### More about polynomials Examples

• Simplify $$\frac{{{x^2} + 2x - 3}}{{{x^2} + 7x + 12}} \times \frac{{{x^2} - 2x - 15}}{{{x^2} - 2x - 8}} \div \frac{{{x^2} - 2x - 15}}{{{x^2} + 6x + 8}}$$.
• $$\begin{array}{1}{\frac{{{x^2} + 2x - 3}}{{{x^2} + 7x + 12}} \times \frac{{{x^2} - 2x - 15}}{{{x^2} - 2x - 8}} \div \frac{{{x^2} - 2x - 15}}{{{x^2} + 6x + 8}}} = {\frac{{{x^2} + 2x - 3}}{{{x^2} + 7x + 12}} \times \frac{{{x^2} - 2x - 15}}{{{x^2} - 2x - 8}} \times \frac{{{x^2} + 6x + 8}}{{{x^2} - 2x - 15}}}\\ = {\frac{{(x - 1)(x + 3)(x + 3)(x - 5)(x + 2)(x + 4)}}{{(x + 3)(x + 4)(x + 2)(x - 4)(x + 3)(x - 5)}}^{}}\\ = {\underline{\underline {\frac{{x - 1}}{{x - 4}}}} ^{}}\end{array}$$

• Let A and B be constants. If $$\frac{{3x + 5}}{{(x + 1)(2x + 3)}} \equiv \frac{A}{{x + 1}} + \frac{B}{{2x + 3}}$$, find the values of A and B.

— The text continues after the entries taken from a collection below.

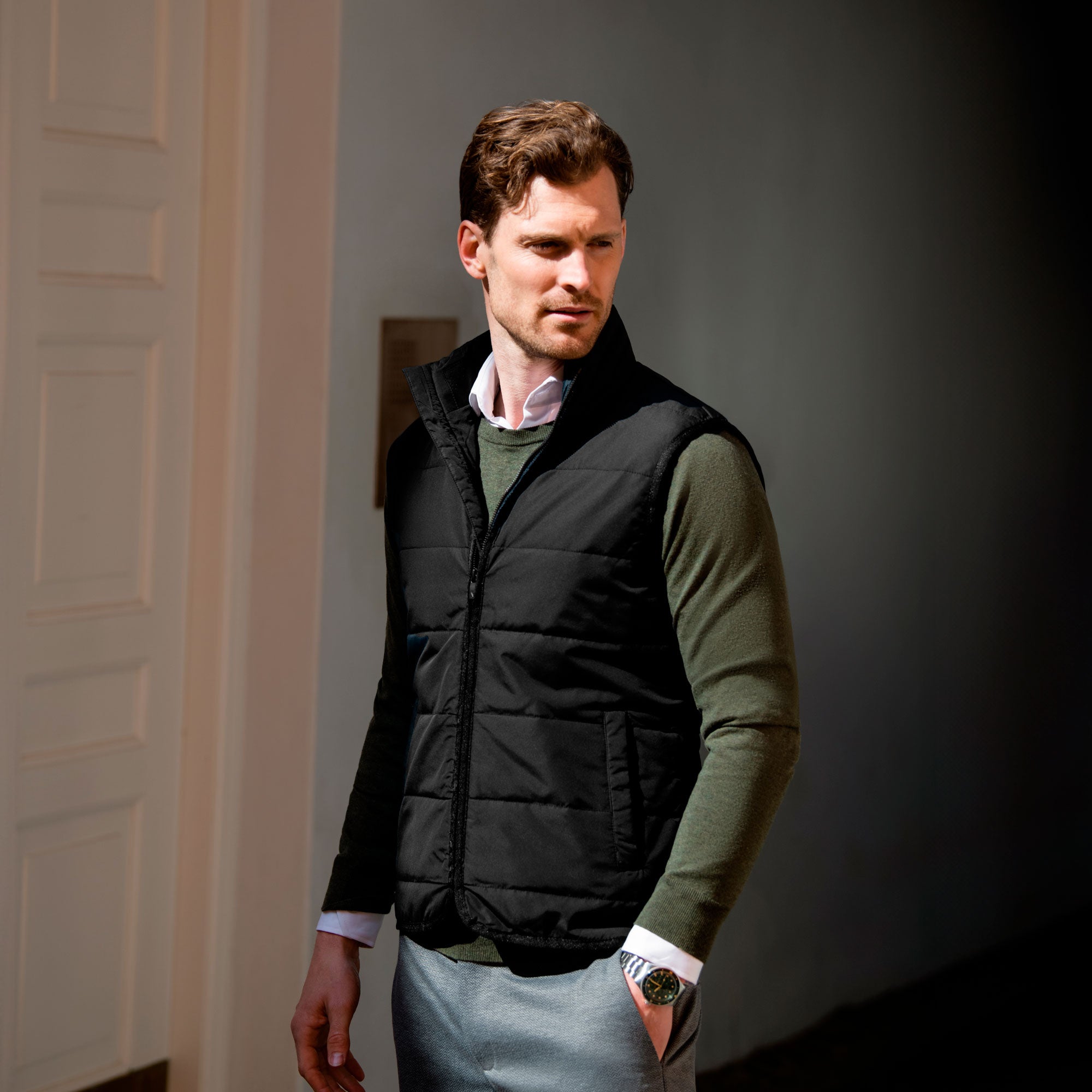 En fantastiskt skön bodywarmer för hela året, gjord i återvunna material. Hudson är elegant kviltad i horisontellt mönster och med klassiska designdetaljer samt fodrad med Sorona® Aura, vilket ger optimal värme samtidigt som produkten blir väldigt lätt att bära.
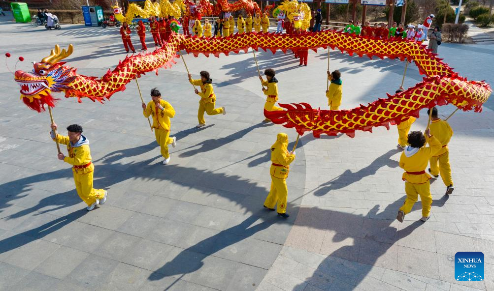 An aerial drone photo shows international students of North Minzu University experiencing dragon dance with local residents in Yinchuan, northwest China's Ningxia Hui Autonomous Region, Feb. 5, 2026. As the Spring Festival approaches, international students from North Minzu University were invited to a community in Yinchuan to experience traditional Chinese folk customs and share the festive joy of the Chinese New Year with local residents. (Xinhua/Yang Zhisen)
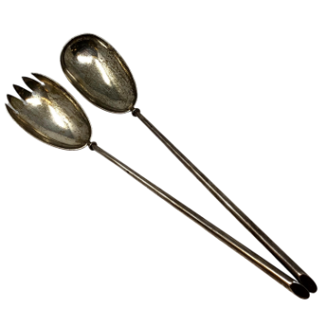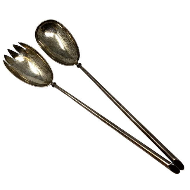 A pair of Victorian silver salad servers, A & J Zimmerman Ltd, Birmingham 1900, length 29cm.

• $$\begin{array}{1}R.H.S. = \frac{A}{{x + 1}} + \frac{B}{{2x + 3}}\\ = {\frac{{A(2x + 3) + B(x + 1)}}{{(x + 1)(2x + 3)}}^{}}\\ = {\frac{{(2A + B)x + 3A + B}}{{(x + 1)(2x + 3)}}^{}}\end{array}$$
By comparing the like terms on the L.H.S. and R.H.S., we have
$$\left\{ \begin{array}{l}2A + B = 3\;{\kern 1pt} .....................\;(1)\\3A + B = 5\;{\kern 1pt} .....................\;{(2)^{}}\end{array} \right.$$
(2) - (1), $$A = 2$$
Substitute $$A = 2$$ into (1),
$$\begin{array}{1}2(2) + B = 3\\B = - {1^{}}\end{array}$$
∴ $$\underline{\underline {A = 2{\rm{ }},{\rm{ }}B = - 1}}$$

• It is given that $$f(x) = \frac{1}{{{x^2} + 2x - 8}}$$ is a rational function.

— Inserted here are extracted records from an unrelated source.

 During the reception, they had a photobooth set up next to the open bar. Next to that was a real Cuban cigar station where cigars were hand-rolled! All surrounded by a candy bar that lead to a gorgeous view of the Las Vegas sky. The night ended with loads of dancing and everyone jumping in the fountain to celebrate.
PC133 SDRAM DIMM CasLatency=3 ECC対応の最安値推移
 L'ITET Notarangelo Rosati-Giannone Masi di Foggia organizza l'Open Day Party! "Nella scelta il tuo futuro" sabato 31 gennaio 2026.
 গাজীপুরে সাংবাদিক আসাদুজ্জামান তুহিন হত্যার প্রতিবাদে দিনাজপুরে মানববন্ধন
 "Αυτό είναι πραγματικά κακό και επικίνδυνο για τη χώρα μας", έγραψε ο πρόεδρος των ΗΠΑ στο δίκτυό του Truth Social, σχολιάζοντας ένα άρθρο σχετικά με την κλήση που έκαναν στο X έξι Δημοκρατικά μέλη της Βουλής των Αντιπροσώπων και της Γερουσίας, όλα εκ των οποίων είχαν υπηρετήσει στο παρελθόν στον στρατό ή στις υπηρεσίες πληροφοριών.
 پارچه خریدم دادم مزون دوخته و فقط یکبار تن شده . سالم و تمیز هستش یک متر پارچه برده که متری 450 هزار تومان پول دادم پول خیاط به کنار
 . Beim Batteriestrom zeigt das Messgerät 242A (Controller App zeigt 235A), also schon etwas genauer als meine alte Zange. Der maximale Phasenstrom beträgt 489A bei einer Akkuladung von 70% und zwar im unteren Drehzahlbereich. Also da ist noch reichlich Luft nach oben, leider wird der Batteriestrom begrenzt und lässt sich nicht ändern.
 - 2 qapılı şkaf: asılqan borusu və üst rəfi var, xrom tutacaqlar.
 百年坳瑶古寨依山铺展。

Find another rational function $$g(x)$$ such that the denominator of $$f(x) \times g(x)$$ is $${x^2} - x - 2$$.
• Suggested answer:
$$\begin{array}{1} f(x) = \frac{1}{{{x^2} + 2x - 8}}\\ = \frac{1}{{(x - 2)(x + 4)}}\end{array}$$
Denominator of
$$\begin{array}{1} f(x)\times g(x) = {x^2} - x - 2\\ = (x - 2)(x + 1)\end{array}$$
Let $$f(x) \times g(x) = \frac{{P(x)}}{{(x - 2)(x + 1)}}$$, where $$P(x)$$ is a polynomial.

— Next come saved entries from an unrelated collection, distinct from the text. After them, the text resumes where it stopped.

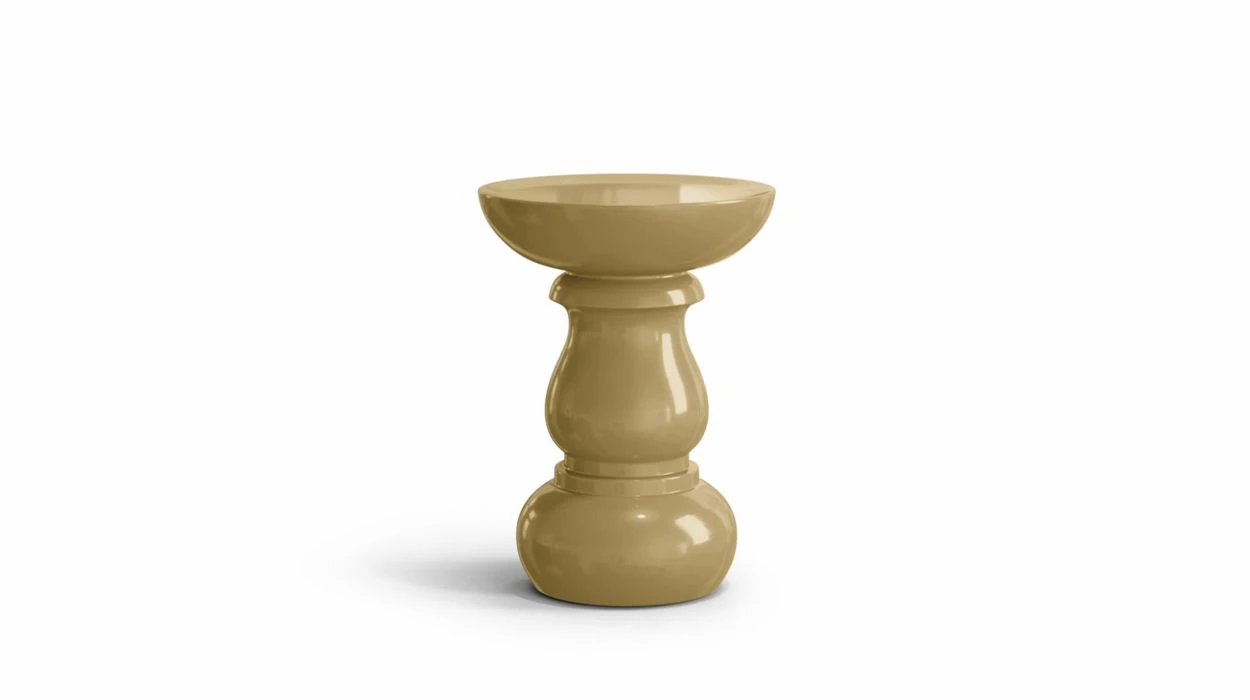 Drawing inspiration from an oriental chess pawn, the Chess occasional table and pedestal are made of resin with matte, glossy or coloured chrome-plated finishes.
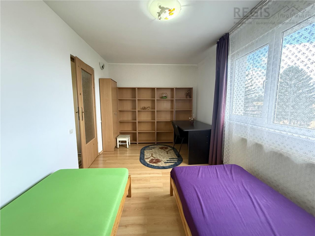 ID: 5936 Regis Imobiliare va propune spre vanzare un apartament cu 2 camere, semidecomandat, situat in zona Astra ndash; Gemenii, Brasov. Pozitionat intr-o zona linistita, cu acces rapid la mijloace de transport, magazine si spatii verzi. Apartamentul beneficiaza de loc de parcare inclus si acces facil la parcuri pentru copii si zone verzi - un avantaj important pentru familii sau pentru cei care cauta un cadru placut si aerisit. Detalii apartament: - Suprafata utila: 50 mp - Compartimentare: 2 camere semidecomandate - Structura: bucatarie, sufragerie cu balcon incorporat (balconul a fost inchis si integrat in zona de zi), hol intermediar cu dressing, dormitor si baie cu geam - Etaj: 4 din 4 - Loc de parcare inclus - Apartamentul se vinde complet mobilat si utilat Dotari interioare: - Finisaje moderne: parchet, gresie, faianta, vopsea lavabila - Tamplarie PVC cu geam termopan ndash; izolatie termica si fonica - Usa metalica la intrare - Aer conditionat in sufragerie - Centrala termica proprie si calorifere - Interfon la intrarea in bloc Bucatarie complet mobilata si utilata: Aragaz pe gaz, Cuptor, Hota, Frigider cu congelator, Cuptor cu microunde, Masina de spalat rufe, Baie cu geam si masina de spalat Avantaje suplimentare: - Zona comuna la parterul blocului unde se pot lasa biciclete si carucioare. - Zona verde si loc de joaca pentru copii in apropiere - Acces facil la transport in comun - Aproape de scoli, magazine alimentare si zone comerciale Un apartament foarte bine intretinut, situat intr-o zona accesibila si cautata din Brasov, ideal pentru rezidenta sau investitie. Va stam la dispozitie pentru detalii suplimentare si programarea unei vizionari. Asteptam cu drag sa ne contactati! Comisionul agentiei este de 2% TVA Andreea, Consultant Imobiliar
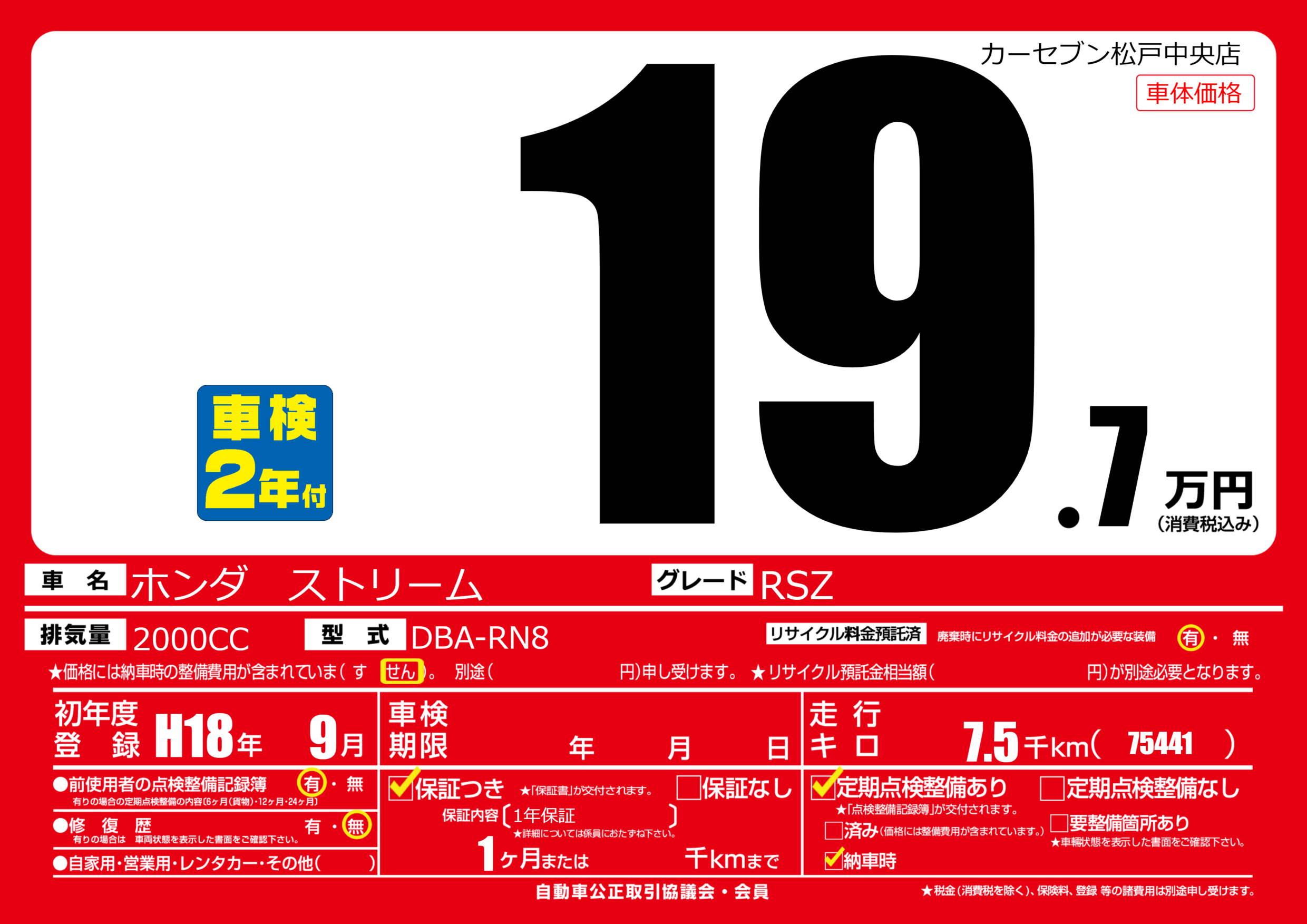 | 車名 | ホンダ ストリーム | グレード ミッション 排気量 |

$$\begin{array}{1}\frac{1}{{(x - 2)(x + 4)}} \times g(x) = \frac{{P(x)}}{{(x - 2)(x + 1)}}\\g(x) = \frac{{P(x)(x - 2)(x + 4)}}{{(x - 2)(x + 1)}}\\ = \frac{{P(x)(x + 4)}}{{x + 1}}\end{array}$$
∴ One possible $$g(x)$$ is $$\frac{{x + 4}}{{x + 1}}$$.